Padronanza di sé e auto-regolazione – 14

“Un giorno senza risate è un giorno perso.” Chaplin

Assagioli ha dedicato parecchi scritti al tema del buonumore, alla vita intesa come gioco e rappresentazione, alla saggezza sorridente. Alcuni di essi sono stati raccolti nel prezioso libretto intitolato Per vivere meglio (1993). In esso il buonumore viene definito come una tecnica, più precisamente, uno stato d’animo che può essere suscitato, sviluppato e mantenuto con opportuni esercizi psicologici. Ovviamente non possiamo modificare le nostre emozioni e i nostri sentimenti direttamente, con una imposizione volontaria. Possiamo però esercitare un’azione efficace su tutte le nostre funzioni psichiche, utilizzando specifiche leggi psicologiche che, questo si, sono messe in azione da una volontà intelligente ed abile.

Ci sono due gruppi di metodi utili a tale scopo:

  • le tecniche per eliminare gli ostacoli che impediscono l’espressione del buonumore;
  • le tecniche per la sua evocazione diretta.

Per eliminare gli ostacoli al buonumore – che sono l’irritazione, il criticismo, l’auto-commiserazione, l’impazienza e la preoccupazione – possiamo impiegare congiuntamente le tecniche catartiche e la meditazione riflessiva sugli effetti negativi e positivi che tali ostacoli hanno su noi stessi (ad es. il riconoscimento della grande utilità dei nostri “nemici” interni ed esterni quali pungolo al miglioramento di sé e la relativizzazione del nostro dolore personale contestualizzandolo nell’universale condizione umana di sofferenza).

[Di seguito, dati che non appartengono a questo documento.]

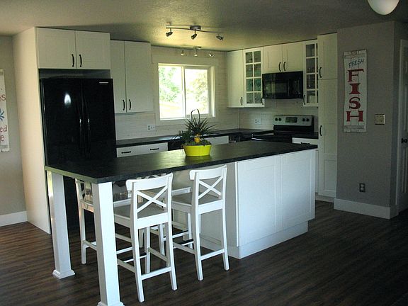 Don't hesitate on this one; it will be gone soon. Move in ready, nicely updated home w/a country location. Open floor plan features natural gas fireplace, laminate flooring that flow into the kitchen, hallway & one bedroom. Kitchen has been completely updated w/island complete w/eating bar & built in desk area. 3 bedrooms, full bath w/a beautiful tiled shower & separate bathtub & large vanity with 2 sinks. Westerly faced back yard is fenced, landscaped with a great outbuilding. Lots of parking.

Il metodo attivo generale è, invece, quello di coltivare gli stati d’animo e i sentimenti opposti a quelli che ostacolano il buonumore, e suscitare quelli che lo esprimono direttamente. Come per tutte le altre qualità che vogliamo sviluppare, si tratta di aprirci agli influssi che irradiano tali qualità. Vi sono numerosi modi per farlo: dalla lettura di libri divertenti e spiritosi all’ascolto di musiche vitali e gioiose, dall’uso di parole evocatrici, frasi e immagini opportune all’agire “come se”. Ma il metodo più profondo per neutralizzare la ribellione e l’autocommiserazione e sviluppare il buonumore è l’accettazione. Data la molteplicità dell’animo umano possiamo, infatti, coltivare il buonumore nonostante la sofferenza.